An exact copy of every entry is required, without the pictures.

### DATA TO PROCESS
● ● ● ● ● ● ●

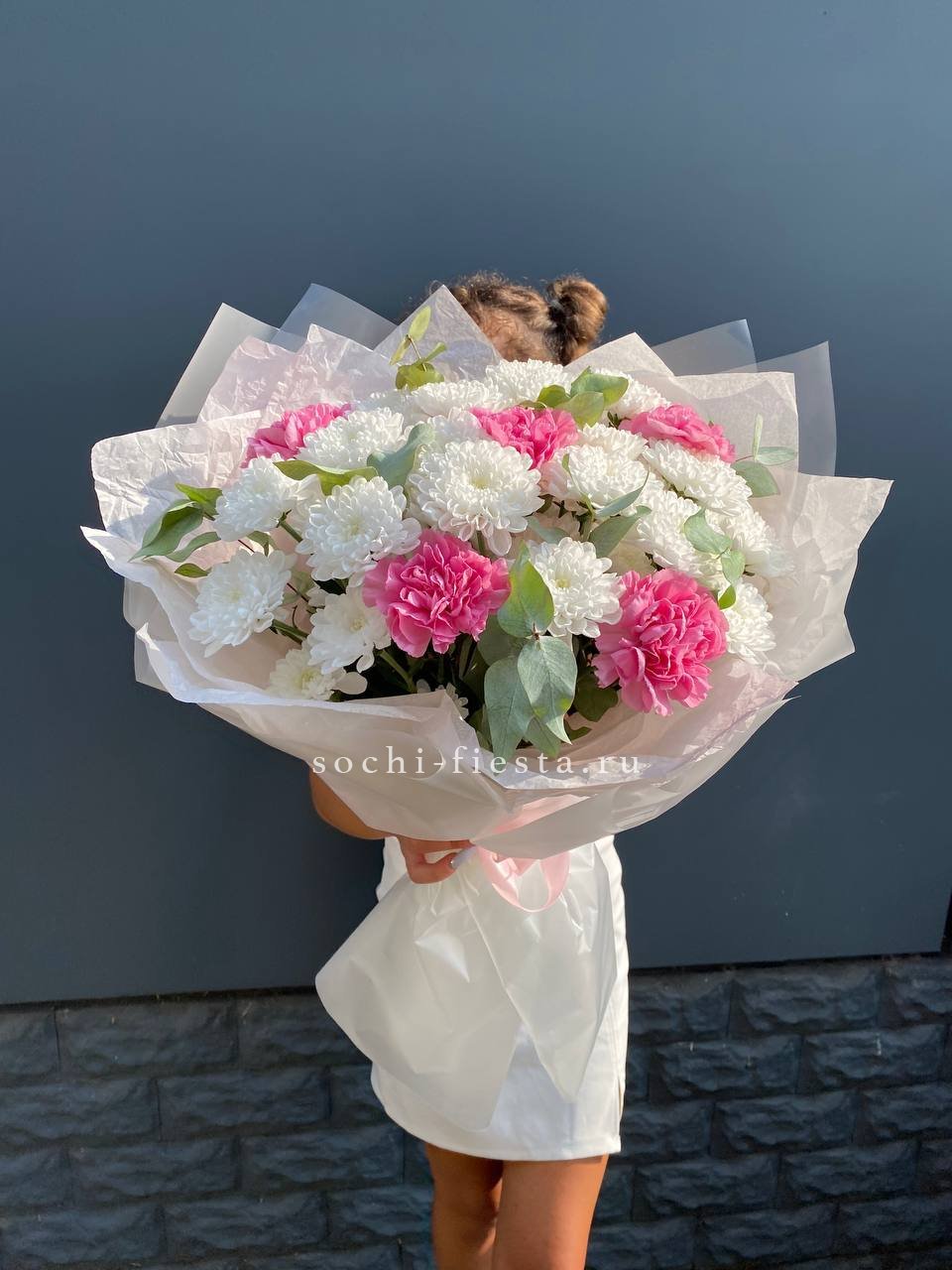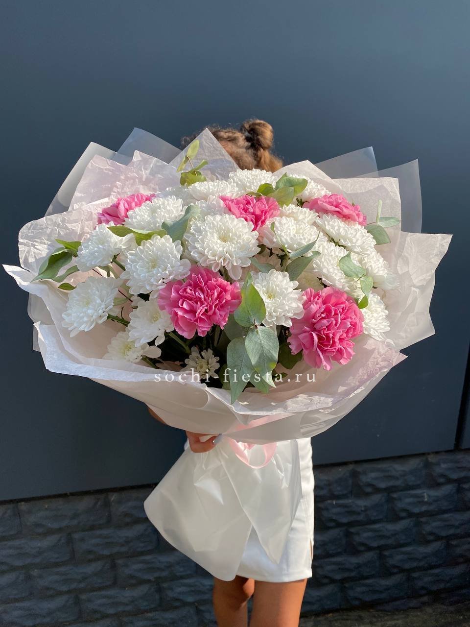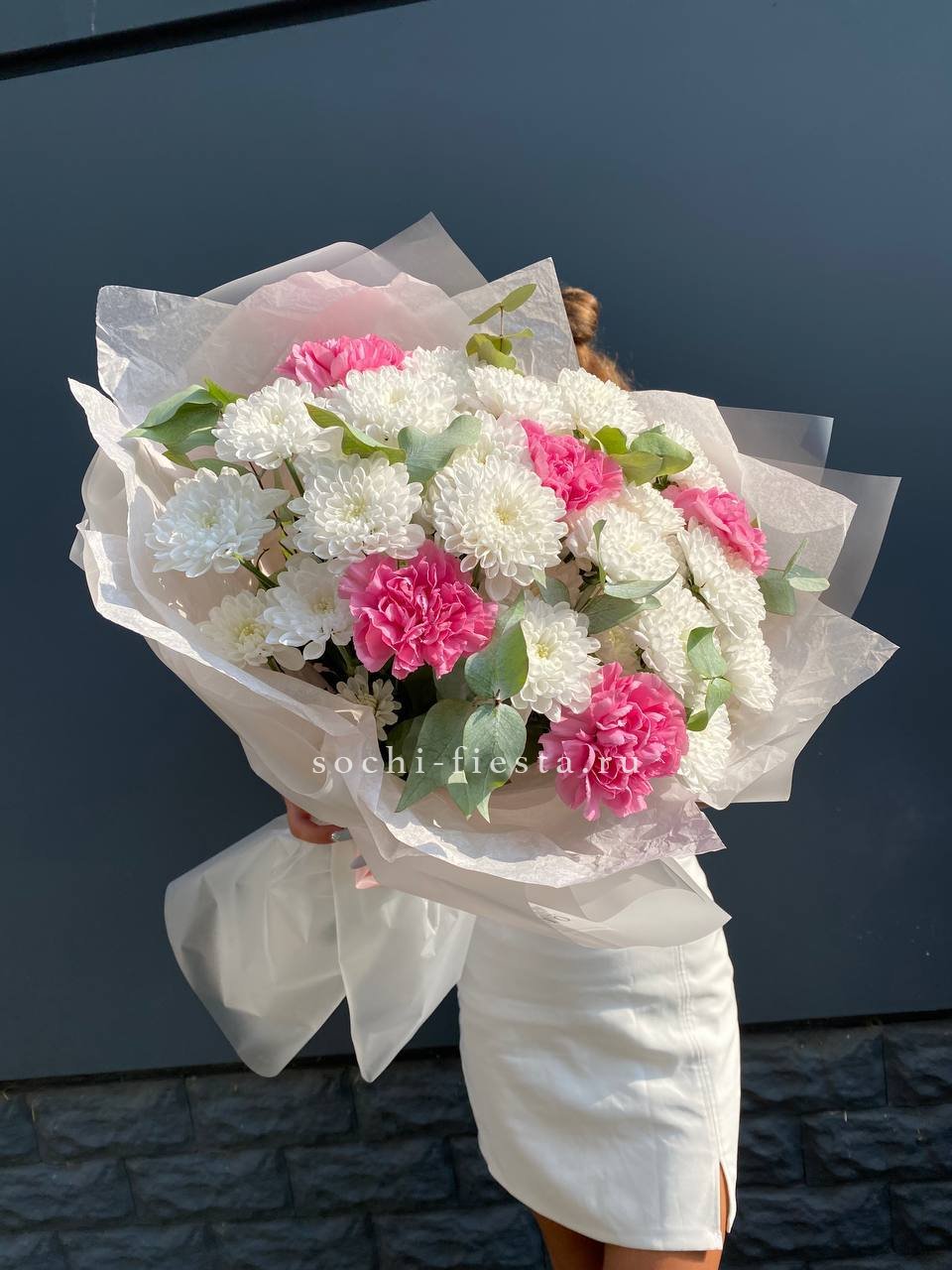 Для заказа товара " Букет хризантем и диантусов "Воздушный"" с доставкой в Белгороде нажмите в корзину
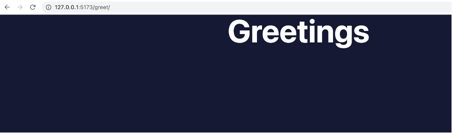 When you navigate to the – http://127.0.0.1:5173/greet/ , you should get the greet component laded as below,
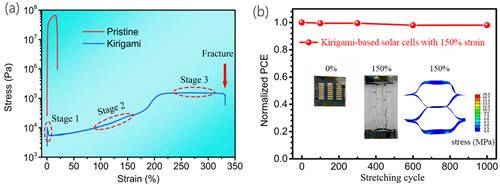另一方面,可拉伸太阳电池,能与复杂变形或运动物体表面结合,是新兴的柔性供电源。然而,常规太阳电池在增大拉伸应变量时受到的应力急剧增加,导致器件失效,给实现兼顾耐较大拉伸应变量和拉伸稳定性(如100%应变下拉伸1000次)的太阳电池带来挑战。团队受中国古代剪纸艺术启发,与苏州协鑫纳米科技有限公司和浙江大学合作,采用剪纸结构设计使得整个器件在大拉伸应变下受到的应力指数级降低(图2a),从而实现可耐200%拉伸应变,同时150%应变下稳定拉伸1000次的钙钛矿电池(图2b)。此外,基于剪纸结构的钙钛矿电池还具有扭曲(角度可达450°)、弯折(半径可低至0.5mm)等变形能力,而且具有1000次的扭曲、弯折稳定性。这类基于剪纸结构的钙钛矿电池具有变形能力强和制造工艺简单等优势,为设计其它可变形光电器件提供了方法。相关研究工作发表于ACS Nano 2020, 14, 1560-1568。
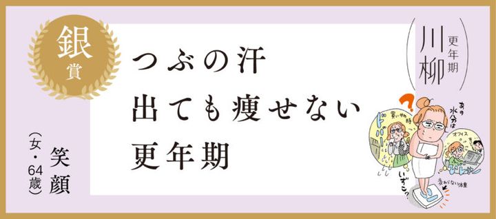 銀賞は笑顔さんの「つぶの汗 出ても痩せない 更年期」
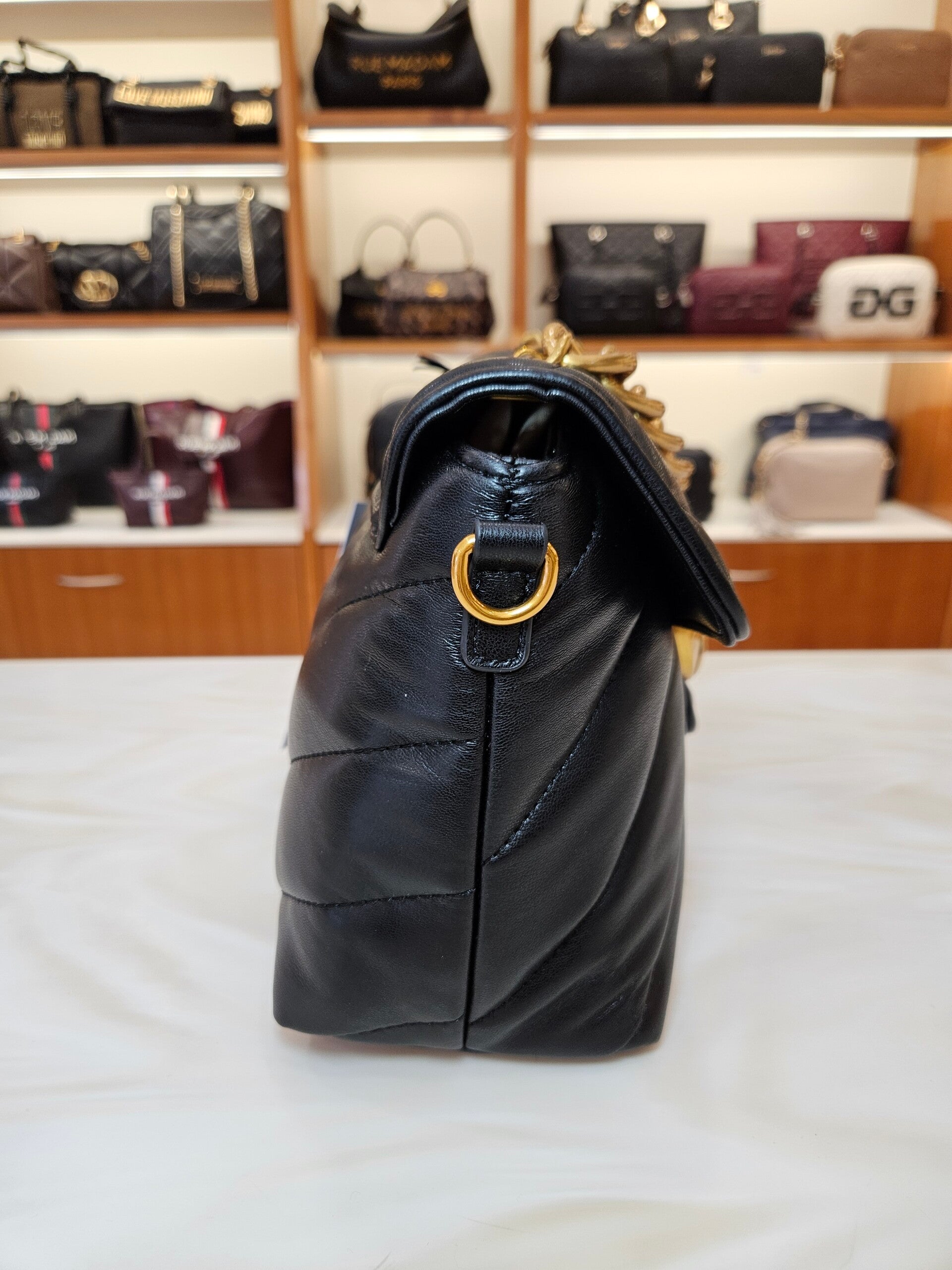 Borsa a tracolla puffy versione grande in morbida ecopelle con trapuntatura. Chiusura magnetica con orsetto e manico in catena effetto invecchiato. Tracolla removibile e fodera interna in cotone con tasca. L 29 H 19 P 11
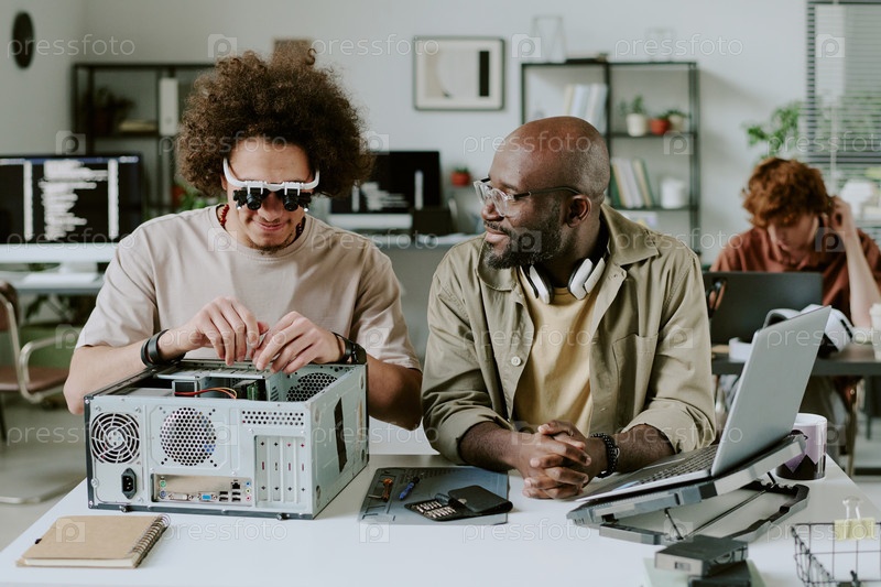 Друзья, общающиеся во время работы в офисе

● ● ● ● ● ● ●

### YOUR SOLUTION
 Для заказа товара " Букет хризантем и диантусов "Воздушный"" с доставкой в Белгороде нажмите в корзину
 When you navigate to the – http://127.0.0.1:5173/greet/ , you should get the greet component laded as below,
另一方面,可拉伸太阳电池,能与复杂变形或运动物体表面结合,是新兴的柔性供电源。然而,常规太阳电池在增大拉伸应变量时受到的应力急剧增加,导致器件失效,给实现兼顾耐较大拉伸应变量和拉伸稳定性(如100%应变下拉伸1000次)的太阳电池带来挑战。团队受中国古代剪纸艺术启发,与苏州协鑫纳米科技有限公司和浙江大学合作,采用剪纸结构设计使得整个器件在大拉伸应变下受到的应力指数级降低(图2a),从而实现可耐200%拉伸应变,同时150%应变下稳定拉伸1000次的钙钛矿电池(图2b)。此外,基于剪纸结构的钙钛矿电池还具有扭曲(角度可达450°)、弯折(半径可低至0.5mm)等变形能力,而且具有1000次的扭曲、弯折稳定性。这类基于剪纸结构的钙钛矿电池具有变形能力强和制造工艺简单等优势,为设计其它可变形光电器件提供了方法。相关研究工作发表于ACS Nano 2020, 14, 1560-1568。
 銀賞は笑顔さんの「つぶの汗 出ても痩せない 更年期」
 Borsa a tracolla puffy versione grande in morbida ecopelle con trapuntatura. Chiusura magnetica con orsetto e manico in catena effetto invecchiato. Tracolla removibile e fodera interna in cotone con tasca. L 29 H 19 P 11
 Друзья, общающиеся во время работы в офисе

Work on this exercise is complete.